Company to Acquire for Resale Eleven Nursing Centers to Eliminate Unprofitable Operations
Company to enter into Sale and Leaseback Transaction for Three Owned Hospitals

Louisville, KY (August 8, 2006) – Kindred Healthcare, Inc. (“Kindred” or the “Company”) (NYSE: KND) today announced that it has entered into definitive agreements to acquire the real estate related to eleven nursing centers (the “Nursing Centers”) currently leased from Health Care Property Investors, Inc. and its affiliates (“HCP”) (NYSE: HCP). The Company also has entered into definitive agreements for a sale and leaseback transaction with HCP with respect to three hospitals (the “Hospitals”) currently owned by the Company.

In these transactions, the Company will acquire the Nursing Centers that are currently leased from HCP in exchange for the Hospitals. In addition, the Company will pay HCP a one-time cash payment of approximately $35 million. The Company also will amend its existing master lease with HCP to (1) terminate the current annual rent of approximately $9.9 million on the Nursing Centers, (2) add the Hospitals to the master lease with a current annual rent of approximately $6.3 million and (3) extend the initial expiration date of the master lease until September 30, 2016. The Company’s earnings before interest, taxes, depreciation, amortization and property rent for the three Hospitals for the last twelve months ended June 30, 2006 was approximately $22 million.

Following the transaction with HCP, the Company intends to dispose of the Nursing Centers as soon as practicable. The Company expects to generate approximately $55 million to $65 million in proceeds from the sale of the Nursing Centers and the related operations. The Nursing Centers, which contain 1,754 licensed beds, generated pretax losses of approximately $4 million for the year ended December 31, 2005 and $2 million for the six months ended June 30, 2006. Subject to the conditions set forth below, the Company expects to account for the operations of the Nursing Centers and the loss on the HCP transactions as discontinued operations.

The transactions with HCP are subject to the receipt of required approvals and the satisfaction of other customary conditions to closing, including the approval of the Company’s lenders.

Paul J. Diaz, President and Chief Executive Officer of the Company, remarked that “This is a great opportunity with our partners at HCP to continue to reposition our nursing center portfolio to eliminate unprofitable operations and execute on a more focused market driven strategy. We are pleased to have reached mutually beneficial agreements with HCP and look forward to seeking other opportunities to expand our existing relationship with HCP. We will work closely with HCP to complete these transactions in an expeditious manner and then turn our focus toward divesting these unprofitable nursing centers.”

Jay Flaherty, Chairman and Chief Executive Office of HCP, commented “We value our ongoing relationship with Kindred and are pleased to be moving forward with these transactions. This is a win-win for both companies as it improves HCP’s portfolio and allows Kindred to divest under-performing facilities.”

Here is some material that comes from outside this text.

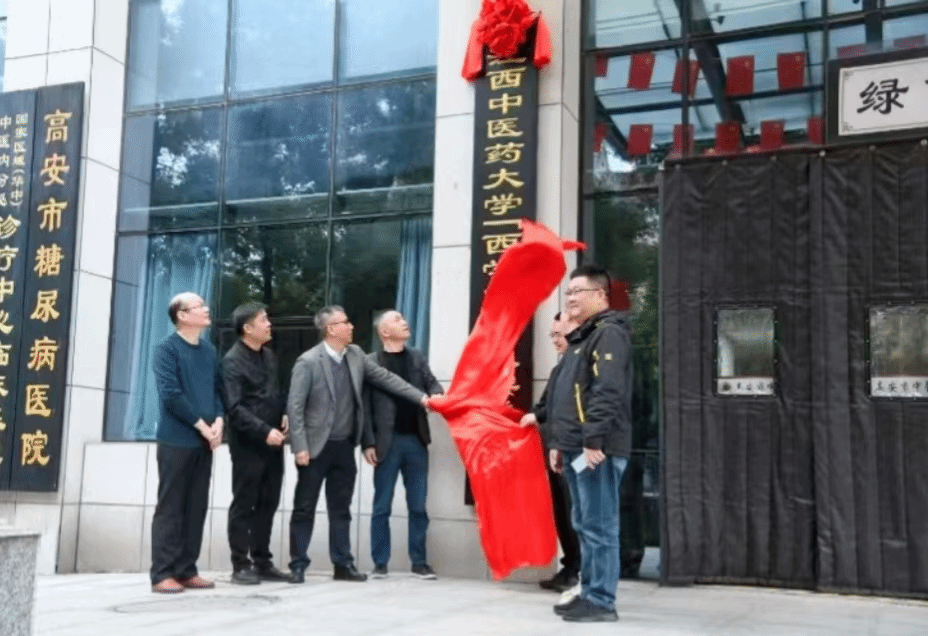 刘海、罗国顺、黄业元、陈卷伟及刘三权等高安市中医院领导班子成员为江西中医药大学“西学中”临床实践基地揭牌。据悉,高安市中医院目前是首个由我校授权的“西学中”临床实践基地。

This press release includes forward-looking statements within the meaning of Section 27A of the Securities Act of 1933, as amended, and Section 21E of the Securities Exchange Act of 1934, as amended. All statements regarding the Company’s expected future financial position, results of operations, cash flows, financing plans, business strategy, budgets, capital expenditures, competitive positions, growth opportunities, plans and objectives of management and statements containing the words such as “anticipate,” “approximate,” “believe,” “plan,” “estimate,” “expect,” “project,” “could,” “should,” “will,” “intend,” “may” and other similar expressions, are forward-looking statements.

Such forward-looking statements are inherently uncertain, and stockholders and other potential investors must recognize that actual results may differ materially from the Company’s expectations as a result of a variety of factors, including, without limitation, those discussed below. Such forward-looking statements are based upon management’s current expectations and include known and unknown risks, uncertainties and other factors, many of which the Company is unable to predict or control, that may cause the Company’s actual results or performance to differ materially from any future results or performance expressed or implied by such forward-looking statements. These statements involve risks, uncertainties and other factors discussed below and detailed from time to time in the Company’s filings with the Securities and Exchange Commission.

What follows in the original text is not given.